The Toughpad FZ-G1 is a fully rugged 10-inch Windows tablet featuring a 6th generation Intel Core i5 vPro processor, Microsoft Windows 10 Pro or Windows 7 downgrade, a user-removable battery providing up to 18 hours of continuous use and optional bridge battery. It weighs 2.4 lbs. for the standard configuration. and comes equipped with options for an integrated UHF radio-frequency identification (RFID) reader or contactless smart card reader, and optional certification for use in hazardous locations. An optional Opal-compliant, self-encrypting drive is also available.

===Toughpad FZ-B2===

The Toughpad FZ-B2 is a rugged 7-inch tablet running the Android 4.4 operating system and is powered by a Quad-core Intel Celeron Processor. It has a fully rugged, MIL-STD-810G sealed IP65 dust and water-resistant design. Features include a quick-charging, user-replaceable battery with an optional bridge battery and high-capacity battery; a 5-point capacitive multi-touch screen that works with gloves, as well as with a fine tip stylus pen.

===Toughpad FZ-M1===
The Toughpad FZ-M1 rugged 7-inch tablet PC features a thin, lightweight, rugged and fanless design. It offers two choices of Intel processors and features the Windows operating system and enterprise-grade security features such as Trusted Platform Module (TPM). It also has a sunlight-readable, glove-enabled touchscreen and full-shift battery life with a built-in bridge battery.

===Toughpad FZ-R1===

The Toughpad FZ-R1 is the industry's first 7-inch all-in-one mobile point-of-sale tablet running Windows 8.1 for retail environments. Powered by an Intel Celeron processor, the tablet offers a fast-charging, user-replaceable full-shift battery with optional bridge battery and high-capacity battery, ten-point capacitive multi-touch screen, integrated EMV reader with PIN pad, encrypted magnetic stripe reader, optional POS cradle, and a wide range of configuration options.

===Toughpad 4K===
The Toughpad 4K is the world's first 20-inch tablet with a 4K resolution display. Available running Windows and built on the Intel vPro platform, it features a 230 pixel-per-inch IPS Alpha LCD with a 15:10 aspect ratio and wide viewing angles.

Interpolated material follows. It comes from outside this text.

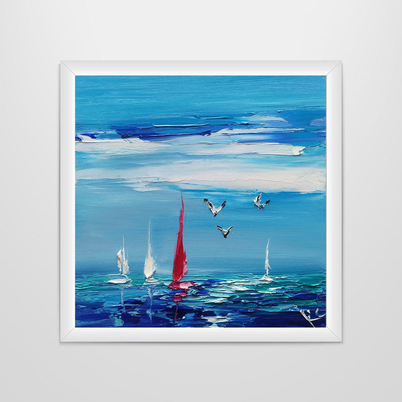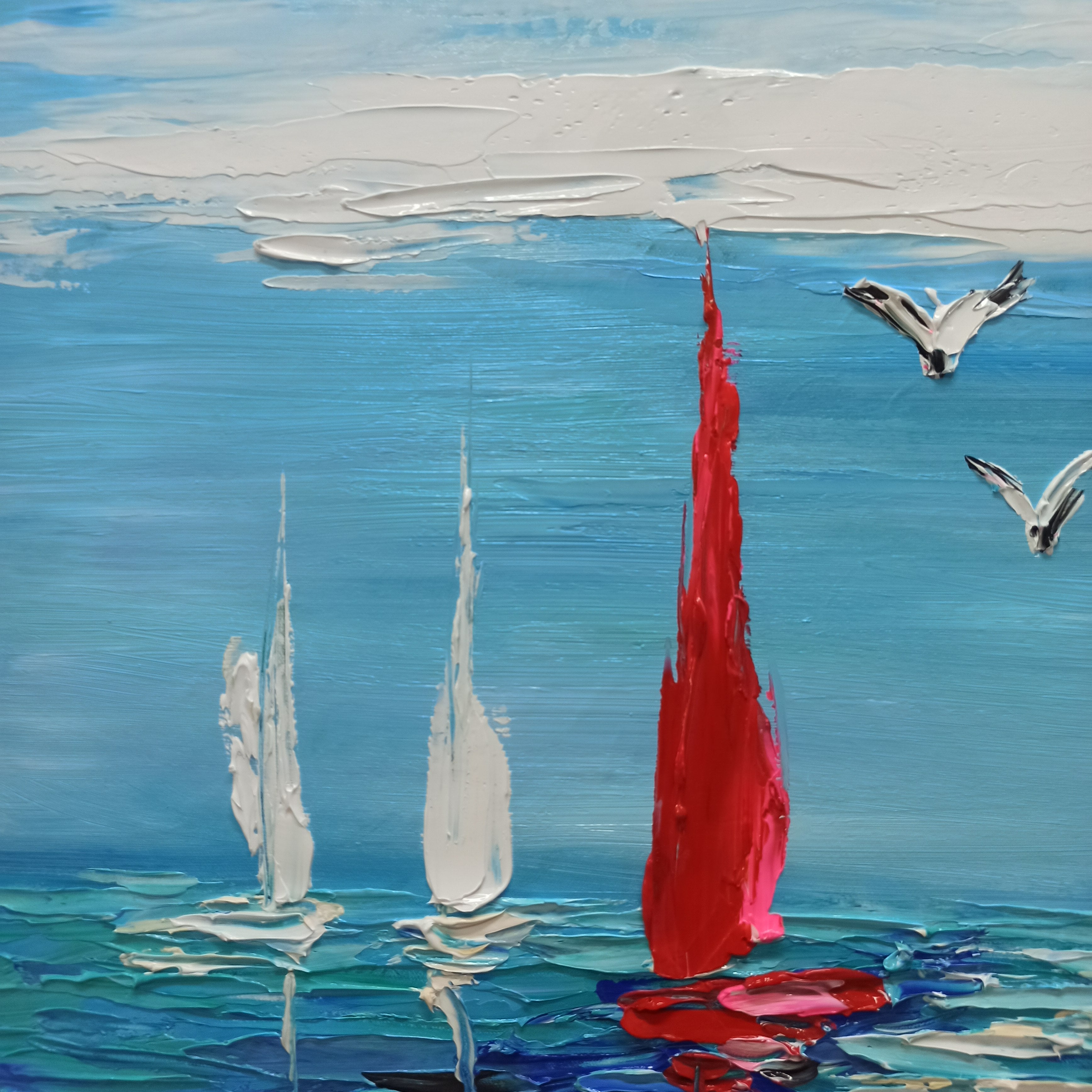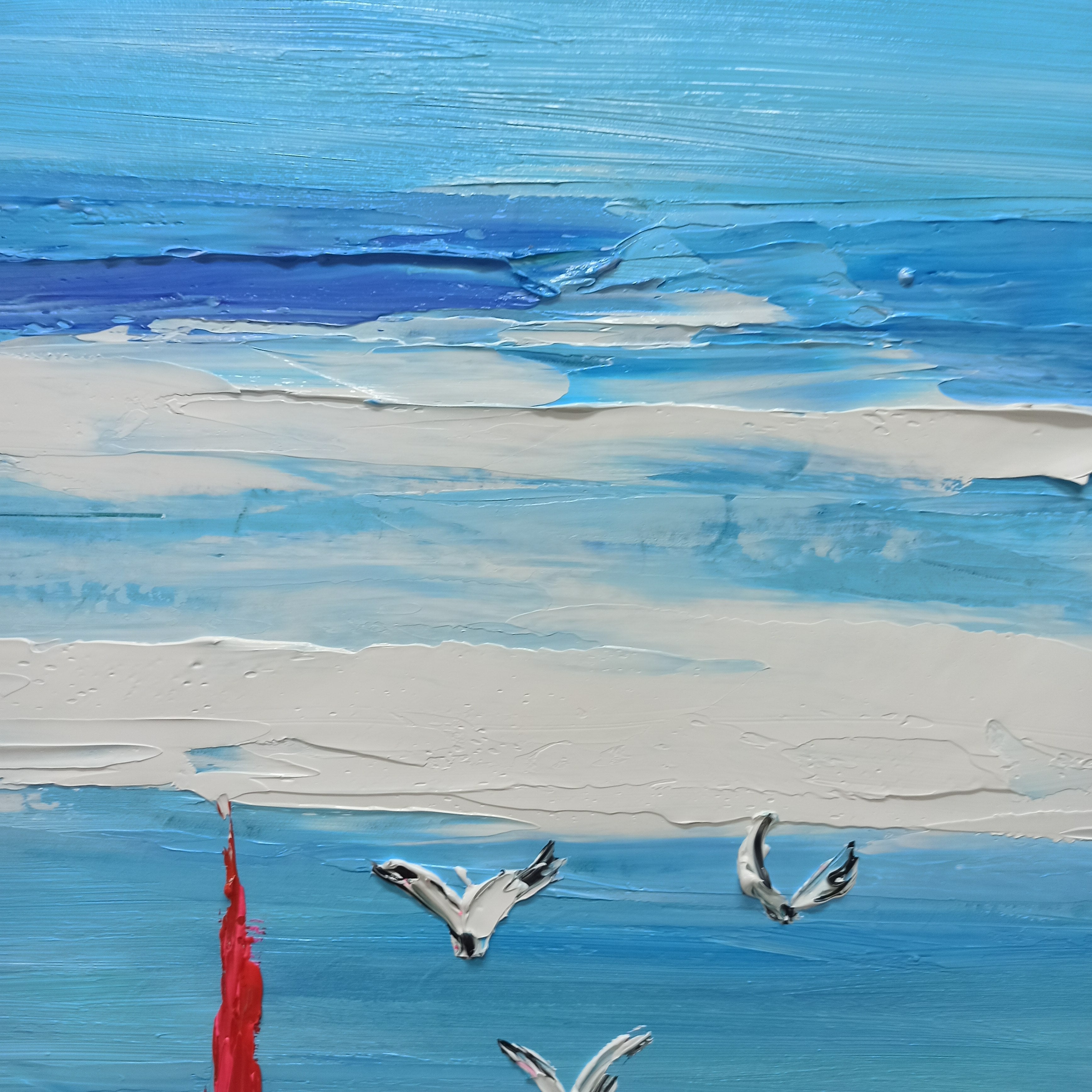 Bring the lively spirit of the ocean into your home with this stunning painting. The vivid blues, dynamic brushstrokes, and contrasting red sailboat create a captivating scene that will delight you, time after time!

===Toughpad FZ-E1 and Toughpad FZ-X1===

The Toughpad FZ-E1 and Toughpad FZ-X1 are fully rugged 5-inch handheld tablets. Although they are marketed as tablets, their design more resembles that of phablets, with optional smartphone-like voice and data connectivity. The Toughpad FZ-E1 is powered by Windows Embedded 8.1 Handheld (based on the Windows Phone platform) and the Toughpad FZ-X1 runs the Android 5.1 operating system. Standard on both models is an integrated Micro USB port, Wi-Fi 802.11 a/b/g/n/ac, near field communications (NFC), standalone GPS and Bluetooth v4.0 (Class 1).

Devices can face resistance to drops of up to 3m to concrete, fully sealed against dust and are submersible in up to 1.5 meter of water for up to 30 minutes, meeting IP68 certification requirements. The devices can operate in temperatures ranging from -20 °C to 60 °C, and are tested for resistance to impact, shock, vibration, altitude and extreme humidity.